Denis-Pierre-Jean Papillon de la Ferté  (Châlons-en-Champagne 17 February 1727 — Paris 7 July 1794) was a connoisseur of art and an administrator (an Intendant and from 1763 the sole Intendant) of the Menus-Plaisirs du Roi, the organization in the royal household (the Maison du Roi) that was responsible for the design and presentation of fêtes and ceremonies, weddings and funerals, at the court of France, beginning with his appointment in 1756. Even after the coming of the Revolution, he was retained until 1792, to oversee the more overtly Republican events of what had always been political as well as cultural statements ; in producing them, the conflicts among the dukes who were Gentilhommes de la Chambre, to whom Papillon de la Ferté reported and among whom he served as diplomat and peacemaker, also played a role. He was a victim of the Reign of Terror in 1794.

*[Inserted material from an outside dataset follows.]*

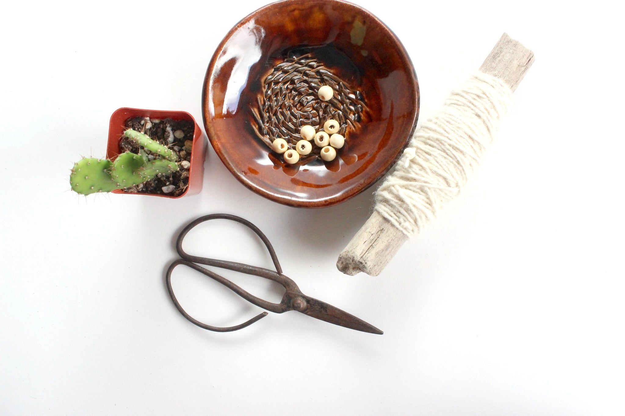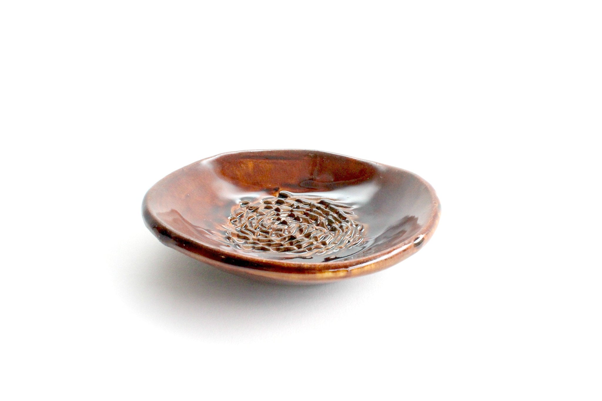 PRODUCT DESCRIPTION Vintage stoneware Dish. Small circular clay plate or shallow bowl. Can be used as an ashtray or for holding small trinkets. Handmade with an etched design on the front and back. Glazed with a dark caramel brown color. Very unique! CONDITION Good vintage/used condition. SIZE Measures 5.25 inches wide and 1 inch tall. SHIPPING Overpaid shipping charges will be refunded when item(s) ships. If you are planning to purchase multiple items, contact me for a combined shipping rate, as this is sometimes possible. Free pick-up from zip code 91710 can be arranged. Enter coupon code: FREEPICKUP at checkout and leave a message so we can schedule a time for you to pick-up. THANK YOU Thank you for stopping by my shop! If you have any questions please don't hesitate to send me a message. I will always try to respond with in 24 hours. Also, follow along on Instagram @mendezmanor and be the first to know when new listings hit the shop!

He was the son of Pierre Papillon de la Ferté (ca. 1682–1753), seigneur de la Ferté, président trésorier of the généralité of Champagne, the King's Lieutenant of Châlons. 

His remarkable longevity in a position that was concentrated in his person in 1762, spanning two reigns and the change in taste from rococo to neoclassicism, in music as well as the visual arts, is testament to his ability and character. His Journal, published in 1887, gives an insight not only into the workings of the Menus-Plaisirs, but the Comédie française and the Comédie-Italienne, and also the music at court and the Opéra, and the Intendant 's role, reforming, rationalizing and redefining the official structure, encouraging artists of every kind, the model of the modern arts administrator.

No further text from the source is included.